Maximum extent of the Median empire, ca. 600 BC.
The origin and history of the Medes is quite obscure, as we possess almost no contemporary information, and not a single monument or inscription from Media itself. Josephus relates the Medes to the biblical character, Madai, son of Japeth. “Now as to Javan and Madai, the sons of Japhet; from Madai came the Madeans, who are called Medes, by the Greeks” Antiquities of the Jews, I:6. The Medes appear in history first in 836 BC. The earliest records show that the Assyrian conqueror Shalmaneser II received tribute from them in connection with wars against the tribes of the Zargos. His successors undertook many expeditions against the Medes.
In spite of repeated rebellions by the early chieftains against the Assyrian yoke, the Medes paid tribute to Assyria under Sargon’s successors, whenever these kings marched in with their fierce armies.
In the second half of the seventh century BC, the Medes gained their independence and were united by a dynasty. The kings who established the Mede Empire are generally recognized to be Phraortes and his son Cyraxares. They were probably chieftains of a nomadic Mede tribe in the desert and on the south shore of the Caspian, the Manda, mentioned by Sargon, and they likely founded the capital at Ecbatana.
According to Herodotus, the conquests of Cyaxares the Mede were preceded by a Scythian invasion and domination lasting twenty-eight years (under Madius the Scythian, 653-625 BC). The Mede tribes seem to have come into immediate conflict with a settled state to the West known as Mannae, allied with Assyria. Assyrian inscriptions state that the early Mede rulers, who had attempted rebellions against the Assyrians in the time of Esarhaddon and Assur-bani-pal, were allied with chieftains of the Scythians and Jeremiah and Zephaniah in the Old Testament agree with Herodotus that a massive invasion of Syria and Philistia by northern barbarians took place in 626 BC. The state of Mannae was finally conquered and assimilated by the Medes in the year 616 BC.

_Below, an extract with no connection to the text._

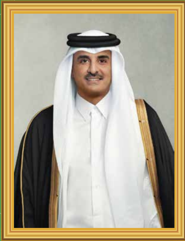
His Highness Emir of The State of Qatar Sheikh Tamim Bin Hamad Al-Thani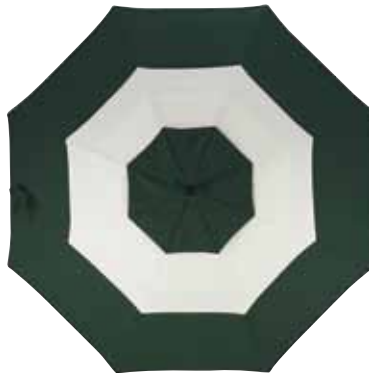
MA Middle Accent Design

In 612, Cyaxares conquered Urartu, and with the help of Nabopolassar the Chaldean, succeeded in destroying the Assyrian capital, Nineveh; and by 606, the remaining vestiges of Assyrian control. From then on, the Mede king ruled over much of Iran, Assyria and northern Mesopotamia, Armenia and Cappadocia. His power was very dangerous to his neighbors, and the exiled Jews expected the destruction of Babylonia by the Medes. When Cyaxares attacked Lydia, the kings of Cilicia and Babylon intervened and negotiated a peace in 585 BC, whereby the Halys was established as the Medes’ frontier with Lydia. Nebuchadrezzar of Babylon married a daughter of Cyaxares, and an equilibrium of the great powers was maintained until the rise of the Persians under Cyrus.
In 553 BC Cyrus the Great, king of Persia, rebelled against his grandfather, the Mede King Astyages, son of Cyaxares; he finally won a decisive victory in 550 BC resulting in Astyages’ capture by his own dissatisfied nobles, who promptly turned him over to the triumphant Cyrus. Thus were the Medes subjected to their close kin, the Persians. In the new empire they retained a prominent position; in honor and war, they stood next to the Persians.
When the Persian empire decayed and the Cadusii and other mountainous tribes made themselves independent, eastern Armenia became a special satrapy, while Assyria seems to have been united with Media.
Deioces
It is difficult to separate myth from fact in the case of Deioces. If the account of Herodotus may be trusted, the Medes’ dynasty derived its origin from Deioces, a Mede chieftain in the Zagros, who was, along with his kinsmen, transported by Sargon to Hamath (Haniah) in Syria in 715 BC. At the time of the ascent of Deioces, the Medes lived in separate, autonomous villages, or rather townships. In a period of great lawlessness all over Media he made every effort to enforce justice in his own village; his reputation as an impartial judge thus gradually spread, until finally he claimed that this role was too troublesome and refused to continue administering justice. Lawlessness then reigned anew, worse than before, so that the Medes assembled and at last resolved to elect a king to rule over them. They elected Deioces, who is said to have ruled for fifty-three years. He ordered a strong fortress city to be built, with walls arranged in seven concentric rings; all government authority was centralized in his capital, Ekbatana. He retired to his palace, within the innermost of the seven rings, and surrounded himself with a kind of bodyguard. He enforced law and order by introducing “watchers and listeners” throughout his realm, the forerunners of the Achaemenid “king’s eyes” or “ears. . with the founding of the Median state.”